Meskipun sudah berusia 34 tahun, Ibu Pham Hoang Lan (Kota Thu Duc, Kota Ho Chi Minh) masih belum bisa menggunakan kosmetik apa pun pada kulitnya, bahkan yang diiklankan sebagai "vegan" dan tidak menyebabkan iritasi untuk kulit sensitif.
Setelah melahirkan, kulit wajahnya menjadi semakin sensitif, sering memerah, terasa terbakar, dan tidak nyaman. "Saya sangat ingin menggunakan produk perawatan kulit untuk memperbaiki tanda-tanda penuaan, tetapi setiap produk kosmetik yang saya coba menyebabkan iritasi," ungkap Ibu Hoang Lan.
Mengenai gejala-gejala di atas, Dr. Ngo Anh Tuan, Departemen Dermatologi dan Dermatologi Kosmetik, Pusat Medis Universitas Ho Chi Minh City, mengatakan: "Bagi kebanyakan orang, rosacea masih cukup asing. Nama penyakit ini mungkin membuat orang salah mengira bahwa penyakit ini terkait dengan jerawat yang disertai kemerahan pada kulit."
Namun, ini adalah kondisi peradangan kulit kronis, tidak terkait dengan jerawat seperti yang biasanya kita pikirkan. Pada rosacea, pembuluh darah di kulit pasien menunjukkan kelainan, seperti vasodilatasi dan pelepasan zat neuroaktif, yang menyebabkan parestesia pada kulit. Penyakit ini memiliki banyak bentuk yang berbeda."
Rosacea biasanya dipelajari pada pasien dengan kulit putih atau mereka yang tinggal di negara-negara Barat. Namun, penelitian terbaru menunjukkan bahwa orang-orang keturunan Asia dan Afrika juga mengalami peningkatan kejadian rosacea.
"Peningkatan tingkat deteksi ini mungkin disebabkan oleh kemajuan dalam teknik diagnostik dermatologis, yang menghasilkan tingkat diagnosis rosacea yang hampir sama di semua ras," ujar Dr. Anh Tuan.

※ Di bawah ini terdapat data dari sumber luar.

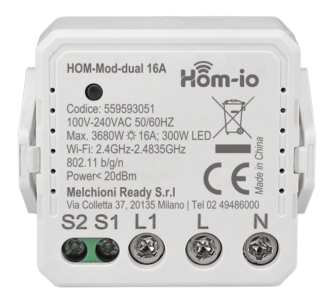 Modulo switch WiFi Hom-io per il controllo di illuminazione e dispositivi.
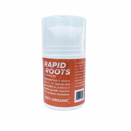 Get your cuttings and seedlings on the direct route to healthy, structured, swift development with Rapid Roots. This all-natural, 100% organic rooting gel offers significant gains over its synthetic rivals for a simple reason. Rapid Roots completely preserves the natural plant hormones, vitamins, trace elements, and other nutrients present in the seaweed from which it is derived. This maximises root cell development and seedling growth in ways that synthetic competitors cannot. By taking this natural path from the start youre setting your plants up for vigorous growth, robust defences, and healthy harvests. Uptake and transportation of nutrients is accelerated by Rapid Roots added extract of humic-rich Leonardite. By helping your plants feed faster, more efficiently, and more completely, this vegetable substance, formed over many millions of years, helps boost cell division and prolific growth.Simply take your cutting, dispense gel into a small container and coat the bottom to the stem with 2cm of Rapid Roots gel. Once the stem is coated transfer immediately to your propagator. Maintain the cutting in moist conditions conducive to growth until the plant has effectively rooted.

Penyebab rosacea diyakini adalah kelainan genetik; penderita rosacea seringkali memiliki gangguan kulit. Rosacea juga dikaitkan dengan sejenis bakteri yang biasanya berada di kulit yang disebut Demodex, yang dimiliki setiap orang. Namun, pada penderita, bakteri Demodex menjadi terlalu aktif, menyebabkan penyakit tersebut.
Wanita di atas 30 tahun berisiko terkena kondisi ini, yang paling umum terjadi antara usia 40 dan 50 tahun. Rosacea memiliki banyak bentuk yang berbeda, masing-masing dengan karakteristiknya sendiri, dan yang penting, seseorang dapat memiliki beberapa bentuk sekaligus.
Dari berbagai bentuk rosacea, yang paling umum adalah bentuk papular pustular. Penderita bentuk ini sering salah mengira sebagai jerawat; papula pustular biasanya berupa lesi kecil yang meradang di area tengah wajah, meninggalkan bekas luka dan menimbulkan masalah kosmetik.
"Pada pasien rosacea, kondisi ini bukan disebabkan oleh penyumbatan kelenjar sebaceous, melainkan oleh peradangan kronis dan gangguan sel imun, sehingga papula pustular ini tidak ditemukan di folikel rambut dan tidak ada komedo tersembunyi," tegas Dr. Anh Tuan.
Selain itu, gejala lain seperti eritema dan kemerahan pada kulit juga dapat terjadi. Setiap jenis penyakit memiliki gejala yang berbeda dan membutuhkan diagnosis yang akurat oleh dokter. Jika bentuk papular pustular tidak segera diobati, dapat meninggalkan bekas luka yang tidak sedap dipandang; sedangkan bentuk eritematosa dapat menyebabkan gatal, iritasi, dan ketidaknyamanan. Pasien dengan bentuk eritematosa seringkali memiliki kulit yang sensitif, dan jika tidak diobati dengan benar, kondisi mereka akan sulit untuk membaik.